Objective 1: Development of student capacity to formulate articulately, analyze lucidly,
and evaluate cogently the problematic concerning philosophy itself, extant within the
course content offered by our pluralistic department, including (but not limited to)
arguments about its origin, central questions, key issues, major authors, history, practice,
and ends.

Objective 2: Development of a student’s capacity to formulate articulately, analyze
lucidly, and evaluate cogently her or his fundamental beliefs (e.g., about reality,
knowledge, and ethics) and to reflect on the relationship between these beliefs and how
he or she lives.

Objective 3: Development of student capacity to formulate articulately, analyze lucidly,
and evaluate cogently the presuppositions and values implicit in both other academic
disciplines and Loyola as a Jesuit university.

Objective 4: Development of student capacity to formulate articulately, analyze lucidly,
and evaluate cogently the philosophical (e.g., epistemological, metaphysical, or ethical)
or the anti-philosophical aspects of salient issues in contemporary life and culture.
.
Goal 2: Student Competence in Philosophical Inquiry

Objective 1: Development of student ability to identify rightly types of argument,
argument forms, premises and conclusions, and cogently to distinguish strong from weak
argumentation.

Objective 2: Development of student ability to analyze lucidly the arguments and
interpretations present in both primary and secondary sources of philosophical writing
and to offer reasoned reflection on, and nuanced evaluations of, their cogency.
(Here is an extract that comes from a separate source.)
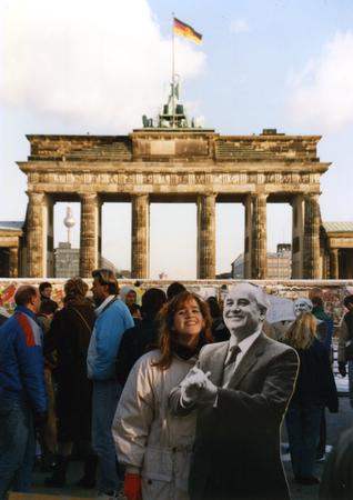 A woman poses with a cardboard cutout of Mikhail Gorbachev, the then president of the Soviet Union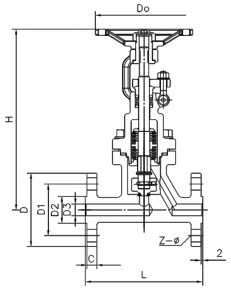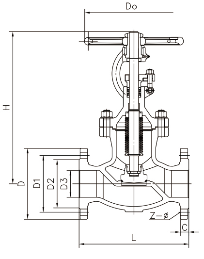 型号Model number | 公称压力Nominal pressure | 口径(DN) Calibre | L法兰 Flange | H | D3 | D2 | D1 | D | DO | C | KV(M3/h) | 重量(kg) Weight |

Objective 3: Development of student ability to formulate articulately and develop
cogently variants of philosophical inquiry (e.g., cases of source interpretation or position
argument).

Objective 4: Development of student ability to formulate articulately and develop
cogently an extended philosophical interpretation and/or thesis in a research paper

Goal 3: Student Understanding of, and Participation in, Philosophical Inquiry
Concerning Fundamental Philosophical Issues

Objective 1: Development of student capacity to formulate articulately, analyze lucidly,
and evaluate cogently what are arguably central questions, problems, or positions in
epistemology.

Objective 2: Development of student capacity to formulate articulately, analyze lucidly,
and evaluate cogently what are arguably central questions, problems, or positions in
metaphysics.

Objective 3: Development of student capacity to formulate articulately, analyze lucidly,
and evaluate cogently what are arguably central questions, problems, or positions in
ethics.

Objective 4) [Specific to the Pre-Law Track] Development of student capacity to
formulate articulately, analyze lucidly, and evaluate cogently (thereby developing a
theoretical and practical comprehension of) the philosophical questions, issues, and
concepts that are implicit in the creation and application of law.
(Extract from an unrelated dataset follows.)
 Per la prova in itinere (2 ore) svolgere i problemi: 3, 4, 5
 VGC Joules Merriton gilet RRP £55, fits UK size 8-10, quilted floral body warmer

Goal 4: Student Understanding of, and Participation in, Philosophical Inquiry
Concerning Significant Authors and/or Central Issues in the History of Philosophy

Objective 1: Development of student capacity to formulate articulately, analyze lucidly,
and evaluate cogently what are arguably the works of significant authors and/or central
philosophical issues present within the ancient period of philosophy.

Objective 2: Development of student capacity to formulate articulately, analyze lucidly,
and evaluate cogently what are arguably the works of significant authors and/or central
philosophical issues present within the medieval period of philosophy.
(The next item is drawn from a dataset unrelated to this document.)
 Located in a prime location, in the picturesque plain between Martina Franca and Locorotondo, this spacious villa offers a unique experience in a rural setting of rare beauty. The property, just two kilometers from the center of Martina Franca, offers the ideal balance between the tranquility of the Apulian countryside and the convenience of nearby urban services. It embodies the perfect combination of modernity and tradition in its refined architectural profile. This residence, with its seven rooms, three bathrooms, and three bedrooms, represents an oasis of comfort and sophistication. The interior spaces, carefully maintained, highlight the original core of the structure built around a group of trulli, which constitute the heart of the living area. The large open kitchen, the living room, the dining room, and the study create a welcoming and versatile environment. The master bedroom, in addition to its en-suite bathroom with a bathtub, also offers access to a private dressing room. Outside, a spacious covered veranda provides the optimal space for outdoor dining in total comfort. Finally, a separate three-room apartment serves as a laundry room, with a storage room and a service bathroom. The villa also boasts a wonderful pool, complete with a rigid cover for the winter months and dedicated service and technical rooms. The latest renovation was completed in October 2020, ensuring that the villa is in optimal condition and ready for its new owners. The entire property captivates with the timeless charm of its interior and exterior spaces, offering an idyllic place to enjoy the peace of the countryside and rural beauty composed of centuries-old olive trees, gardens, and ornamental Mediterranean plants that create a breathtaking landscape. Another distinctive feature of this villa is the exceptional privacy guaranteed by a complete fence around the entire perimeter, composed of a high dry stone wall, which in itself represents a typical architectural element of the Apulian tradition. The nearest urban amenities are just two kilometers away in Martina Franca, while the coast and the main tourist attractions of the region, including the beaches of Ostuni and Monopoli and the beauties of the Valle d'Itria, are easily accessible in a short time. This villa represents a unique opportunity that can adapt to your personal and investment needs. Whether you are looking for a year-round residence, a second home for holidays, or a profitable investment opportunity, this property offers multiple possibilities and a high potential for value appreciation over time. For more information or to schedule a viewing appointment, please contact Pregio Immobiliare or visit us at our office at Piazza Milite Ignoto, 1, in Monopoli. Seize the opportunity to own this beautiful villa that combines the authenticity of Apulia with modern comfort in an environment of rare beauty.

Objective 3: Development of student capacity to formulate articulately, analyze lucidly,
and evaluate cogently what are arguably the works of significant authors and/or central
philosophical issues present within the modern period of philosophy.

Objective 4: Development of student capacity to formulate articulately, analyze lucidly,
and evaluate cogently what are arguably the works of significant authors and/or central
philosophical issues present within the contemporary period of philosophy.

Objective 5: [Specific to the Pre-Law Track] Development of student capacity to
formulate articulately, analyze lucidly, and evaluate cogently central questions, problems,
or positions in significant philosophical writings that have arguably had the greatest
impact on the development of our legal system.